Thursday, September 23, 2010

MNIST for ever....

[update]This post is a bit old, but many people still seem interested. So just a short update: Nowadays I would use Python and scikit-learn to do this. Here is an example of how to do cross-validation for SVMs in scikit-learn. Scikit-learn even downloads MNIST for you. [/update]

is, for better or worse, one of the standard benchmarks for machine learning and is also widely used in then neural networks community as a toy vision problem.

Just for the unlikely case that anyone is not familiar with it:
It is a dataset of handwritten digits, 0-9, in black on white background.
It looks something like this:

There are 60000 training and 10000 test images, each 28x28 gray scale.
There are roughly the same number of examples of each category in the test and training datasets.
I used it in some papers myself even though there are some reasons why it is a little weird.

Some not-so-obvious (or maybe they are) facts are:
- The images actually contain a 20x20 patch of digit and where padded to 28x28 for use in LeNet in Yann LeCun's classic 1998 paper on convolutional neural networks.
  • Even within the central 20x20 patch, there are some pixels of zero variance
  • The dataset as a whole has very little variance as can be seen from looking at the spectrum using a PCA
  • The dataset is very easy: random guessing is at 10% correct, a naive Bayes classifier scores about 90% correct and K nearest neighbor about 96.9 (I got that with K=3)
  • It is very easy to exploit the special structure of the dataset: a lot of variation is caused by screwed letters and scaling. A relatively recent paper using a blown up training set and an MLP scored excellent 99,6%.

A thread in the kernel-machines forum motivated me to try and reproduce some results listed on the MNIST webpage using support vector machines with rbf kernel.
I am relatively new to that area and I thought that this would be a nice thing to try, since on the website, no source is given for the given performance of 98.6%.

I tried pretty long and hard on this. Since the dataset is quite big, doing a grid search took quite a while. Also I did not remove the padding which could have sped up the process.

I used the excellent LIBSVM implementation with rbf kernel and the provided grid search tool. I distributed the work on 10 local processors which was quite easy.

I tried several scalings of the original dataset:
Scaling between 0 and 1, between -1 and 1 and normalizing to unit Euclidean length.
First I did a coarse grid search using 5 fold cross validation on a 5000 sample subset of the training set. I also tried 10000 samples and got similar results.
The grid search looked something like:

The scaling between -1 and 1 seemed to work best, so I did a finer grid-search using this scaling and arrived at

gamma =  0.00728932024638  and C = 2.82842712475

python -log2c 0.5,2.5,0.2 -log2g -7.5,-6.5,0.2 -v 5 -h

Using these parameters I trained on the whole training set and tested on the test-set to obtain....


... which is close enough so that I can finally rest ...

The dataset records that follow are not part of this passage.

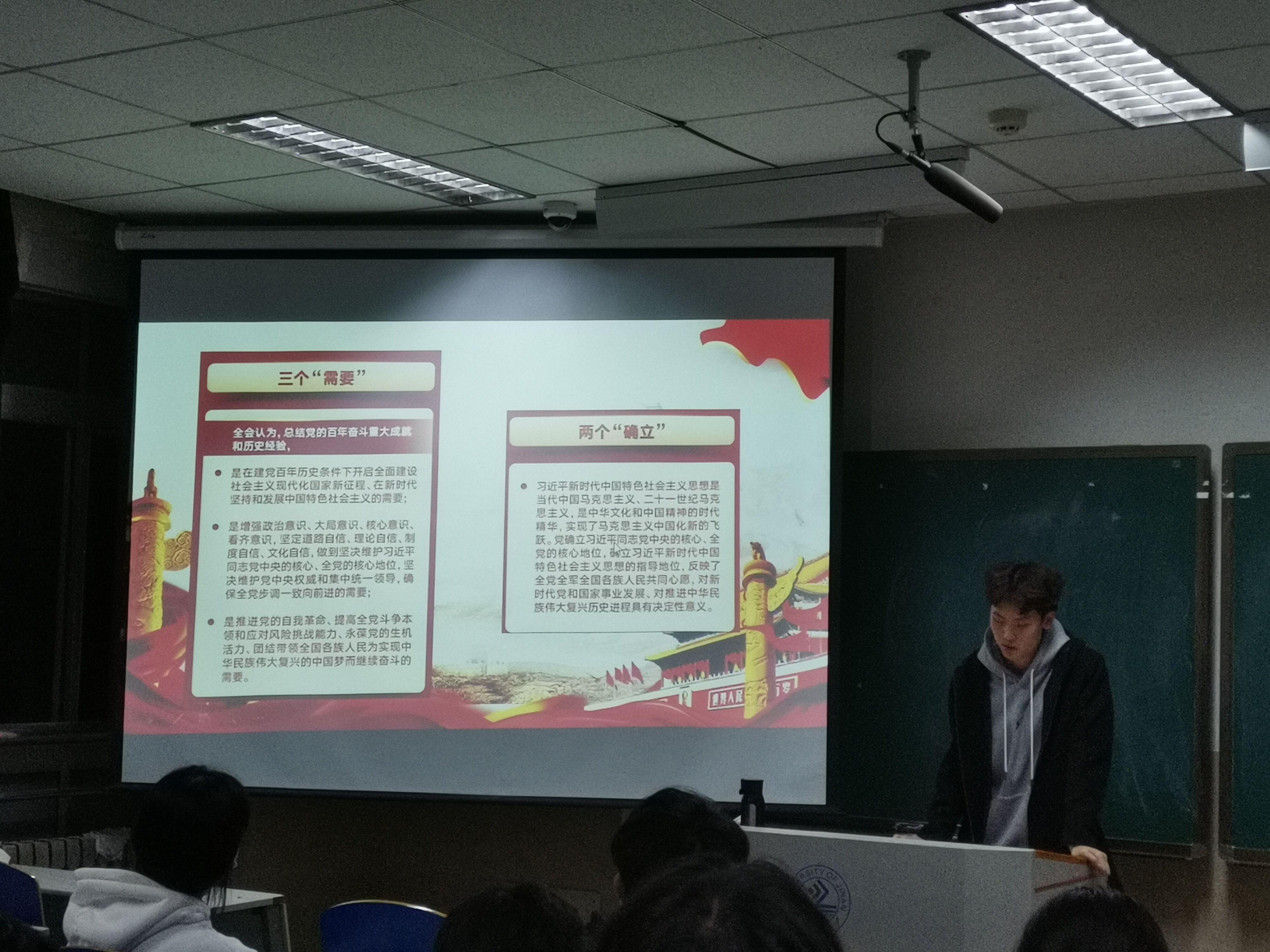 学生会团支部在第一教学楼203教室集体学习了《中共中央关于党的百年奋斗重大成就和历史经验的决议》和习近平总书记在会上的重要讲话,开展关于十九届六中全会精神的学习交流。学生会团支部书记李振表示,百年辉煌成就的取得,不仅使中华民族伟大复兴进入了不可逆转的历史进程,还创造了中国式现代化新道路,创造了人类文明新形态,为人类文明作出了新的巨大贡献。作为当代青年的我们要有责任意识,肩负起时代赋予我们的使命,努力学习科学文化知识,坚定理想信念,为民族复兴而不懈努力。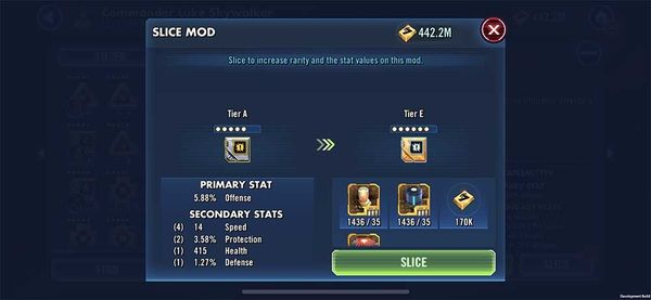 - I've only been playing 6 months so not a true vet but mods are the single most frustrating thing about this game to me. They're so RNG dependent (not just finding speed stats but how much/often they increase) and this adds another layer of RNG to them. As a concept; slicing seems to be a good way of introducing 6 dot mods without invalidating 5 dot mods but this is just going to be ridiculous bringing one set of mods up to 6 dot let alone an arena teams worth of mods with the current drop rate.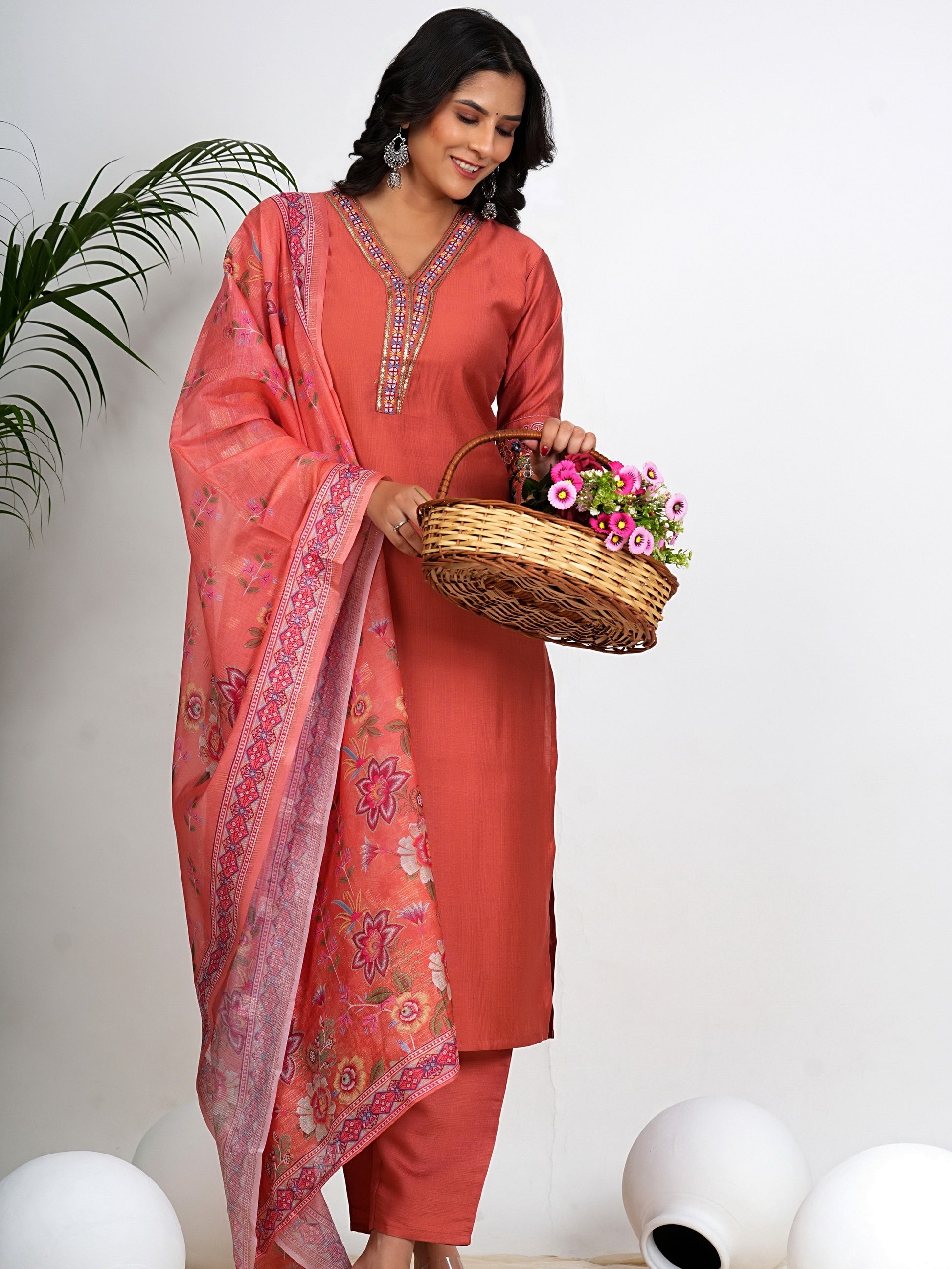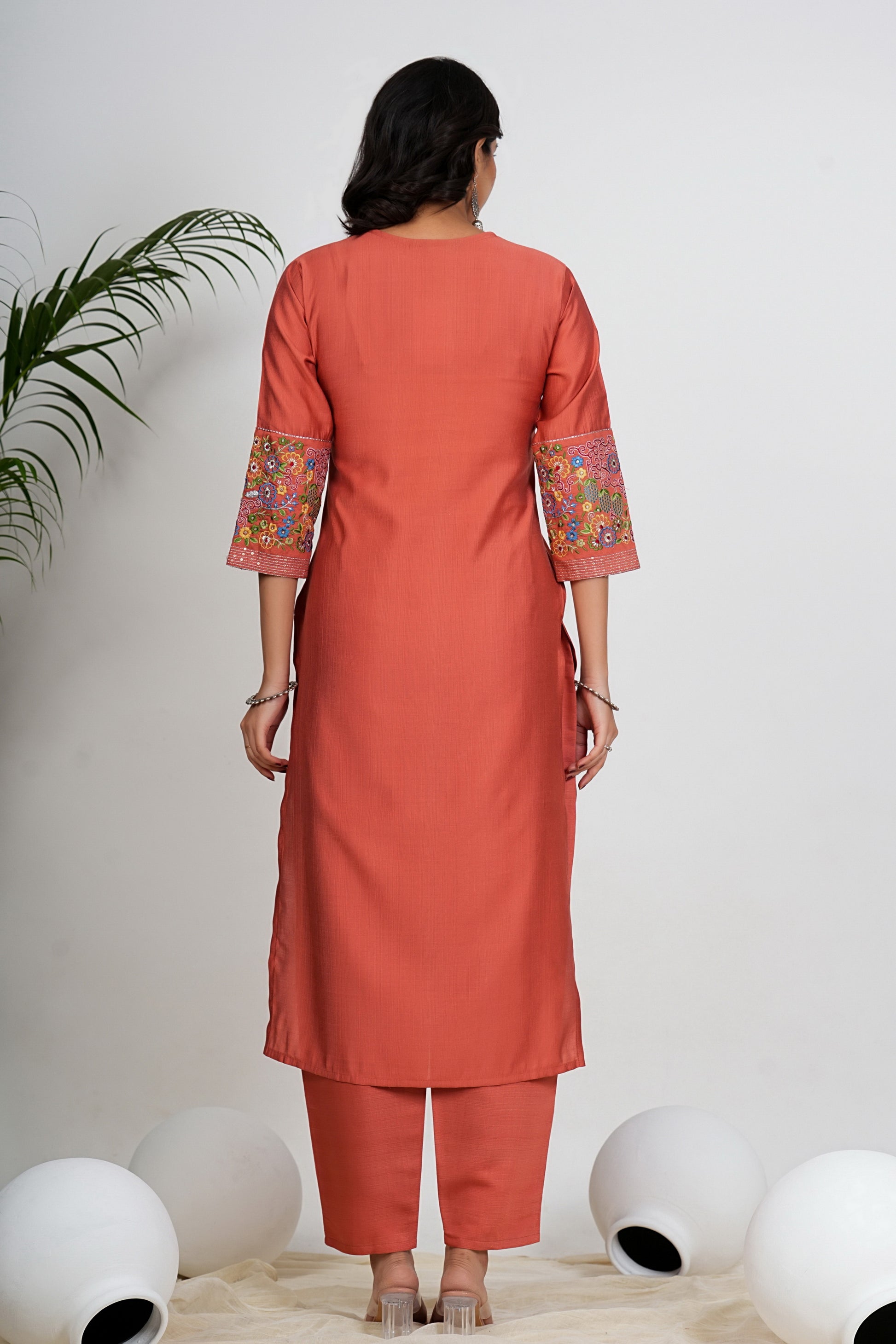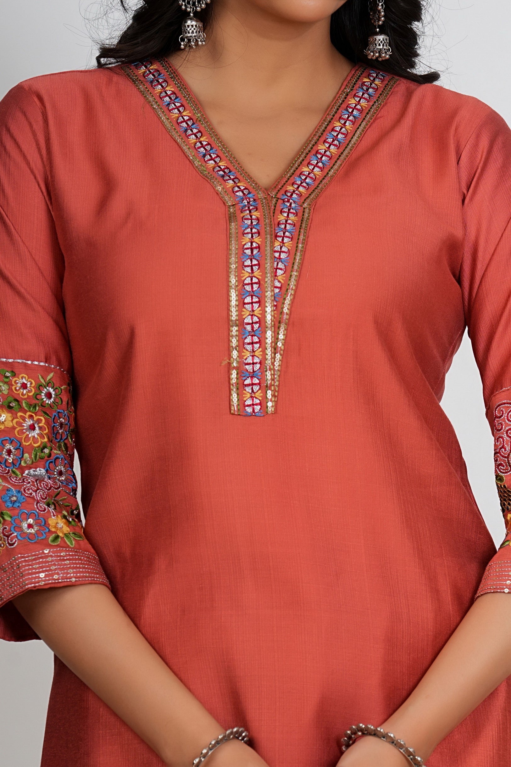 Coral Pink Solid With Embroidery Straight Roman Silk Kurta Set

[edit] By the way, the I used the default tolerance of the libsvm command line interface, which is 0.001. [/edit]


  1. Dear Andy,

    i am realy happy that you did all this work. But how did you seperate all ten classes? Did you use a multiclass svm? Or did you train ten different SVMs? Maybe you wrote it (implicit), but I'm not familiar with LIBSVM.

    Thanks in advance.
    Frerk Saxen

  2. Hi Frerek.

    Actually I am not so sure what LibSVM does there. It definitely trains 10 one-vs-rest SVMs. But I think it does this somehow in a smart way... but maybe this is "just" some smart way of doing the optimizations. I guess you would have to look into the original paper on the LibSVM website.
    It definitely uses the same parameters for all 10 SVMs so you could probably get better by searching parameters for each SVM separately... But I was happy to reproduce something close to the result reported on the MNIST website.


  3. Thank you Thank you Thank you Thank you!!!
    I was straggling to reproduce the 98.6 accuracy or at least something close, and now thanks to you I did it.
    Thank you, you're awesome!!!

  4. Thanks a lot for this post! but as I'm new to Matlab, Libsvm and MNIST, I have a couple of questions: first, could you please show me a code that uses cross-validation to find the optimal value for parameter 'c'? and second, I have heard about an algorithm called 'whitening' the images. Do you know how it could be applied to MNIST?

    1. By now I would do it with python and scikit-learn.
      I might write a new version of this post some time soon.
      With scikit-learn, the complete code looks something like this:
      Be aware, though, this might take a while and will use all available CPUs.

    2. Oh and about whitening: I doubt that would help with mnist. Though you can try with scikit-learn with PCA(whiten=True).

  5. Sort of old thread here sorry, came across it while googling...

    I actually got worse results with whitening. I think it sort of introduced grey regions where there were prieviously none. As you noted, the dataset has very little variance - which is what whitening tried to maximize.

    I really don't get why this dataset is such a benchmark. Just because its small grey-scale images.. easy to use. *frown*.